“It will look like a clear case,” he went on. “The old gent will come here to-morrow morning, find the safe open, the window unlocked, the money gone—and Darrel’s knife on the floor! I’ll bet a row of ’dobies,” he added fiercely, “that will fix Darrel for good. What did he want to come back here for, anyhow? He ought to have had better sense. Lucky thing I had to run into town from Mohave Cañon, in order to fix up a scheme to knock Frank Merriwell out; and it’s lucky I was leaving the house and saw Darrel, and spied on him instead of giving a yell and facing him down. Oh, I reckon things are coming my way, all right! But Darrel—here! Who’d have dreamed of such a thing? There’ll be merry blazes when the old gent gets home to-morrow!”
Chuckling to himself, the plotter put out the lights, made his way to the front door, and was soon clear of the house and in the street. He had laid an evil train of circumstantial evidence, designed to benefit himself at the expense of Darrel.
[CHAPTER II.]
A STRANGER IN CAMP.
Frank Merriwell, junior, and his two chums, Owen Clancy and Billy Ballard, were camping at Tinaja Wells with the football squad of the Ophir Athletic Club. Besides Frank and his friends there were fifteen campers in the grove at the Wells, enumerated by Ballard as one professor, one Mexican, one Dutchman, and twelve knights of the pigskin.
The professor was Phineas Borrodaile. He hailed originally from a prep school in the middle West, had come to Arizona for his health, and, aided by the two Merriwells, senior and junior, had found wealth as well. The professor was now being retained as instructor by young Frank and his chums, thus enabling them to keep up with their studies while “roughing it” in the Southwest.
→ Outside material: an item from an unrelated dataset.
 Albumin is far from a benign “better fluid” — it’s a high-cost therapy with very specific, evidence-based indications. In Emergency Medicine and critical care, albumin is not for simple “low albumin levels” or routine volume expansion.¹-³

The Mexican was Silva, the packer. Silva had a burro train, and had packed the equipment of the campers over the fifteen miles separating Ophir from Tinaja Wells. For ten miles the trail was a good wagon road; but from Dolliver’s, at the mouth of Mohave Cañon, up the cañon to Tinaja Wells, the trail was a mere bridle path, and only pack animals could get over it. Hence the lads had found it necessary to make use of Silva and his burros.
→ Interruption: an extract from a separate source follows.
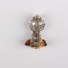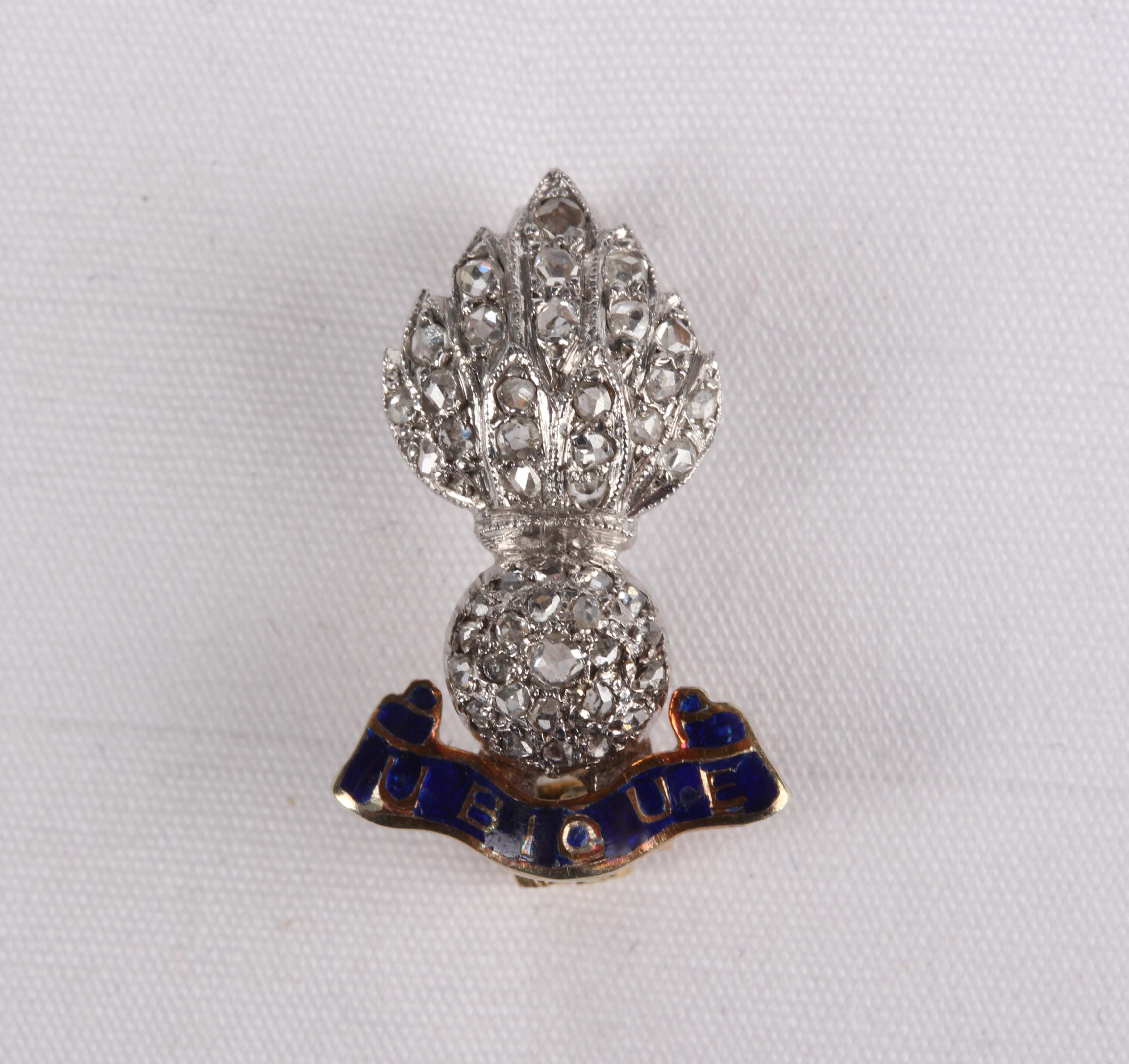 A 9ct two colour gold, rose cut diamond and enamelled military sweetheart brooch, designed as a flaming grenade above the motto 'Ubique', Birmingham 1958, weight 2.4g, width 2.1cm.

The Mexican had hired out as cook, as well as packer; but two days of Silva’s red-hot Mexican cooking, with garlic trimmings, made it necessary for the boys either to line themselves with asbestos or get another cook. Clancy was sent in to Ophir and he came back with Fritz Gesundheit, the Dutchman. Fritz had presided over a chuck shanty in the cattle country, and carried recommendations which highly extolled his sour-dough bread, flap jacks, and crullers.
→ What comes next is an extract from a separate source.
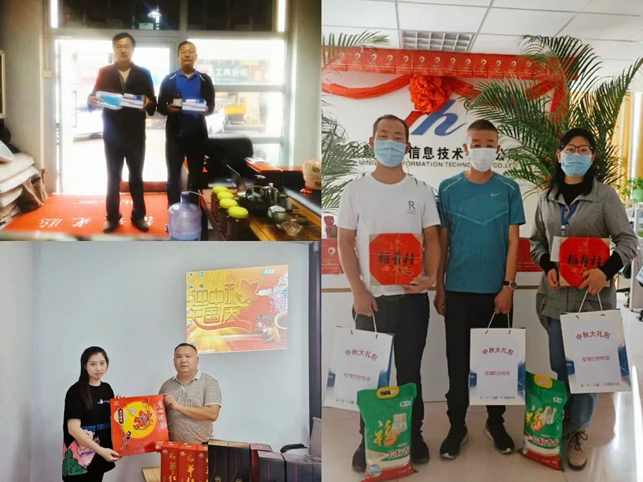 當(dāng)日下午,公司接連開展了“喜迎中秋·盛世華誕”的雙節(jié)共慶福利發(fā)放活動(dòng),此次福利不僅準(zhǔn)備了月餅和大米,還根據(jù)當(dāng)前需求為每位員工發(fā)放了齊全配套的疫情防控物資,各子分公司及項(xiàng)目部也按照總部要求為員工發(fā)放了中秋福利。公司希望在保障大家健康安全的同時(shí)感受到真摯的節(jié)日祝福。運(yùn)維部員工表示:“在明華這個(gè)大家庭里,公司給予我們的不僅僅發(fā)展平臺(tái)與自我價(jià)值的體現(xiàn),更多的是人性化的關(guān)懷和溫暖。在今年如此嚴(yán)峻的形式下,公司仍處處為我們著想,時(shí)刻叮囑我們外出做好防護(hù),還專門發(fā)放了防疫物資,非常感謝公司對(duì)大家的關(guān)心和照顧。 ”

Fritz was nearly as broad as he was high, but he proved a chef of rare attainments. He would roll around between the stove and the chuck tent, and play an errorless game in his cooking and serving; but let him waddle out of his culinary environment and he was as full of blunders as a porcupine is of quills. For a lot of skylarking boys, he was an everlasting joy and a perpetual delight.
Silva resented the loss of his cooking job. He burned to revenge himself on the fat gringo chingado who had kicked the red peppers and the garlic out of camp and preëmpted the culinary department. Less than an hour after Fritz had evolved his first meal for the campers and covered himself with glory, the Mexican’s dark plots came to a head. Placing the professor’s mule, Uncle Sam, between two clumps of cholla cactus, he smilingly invited Fritz to take a ride.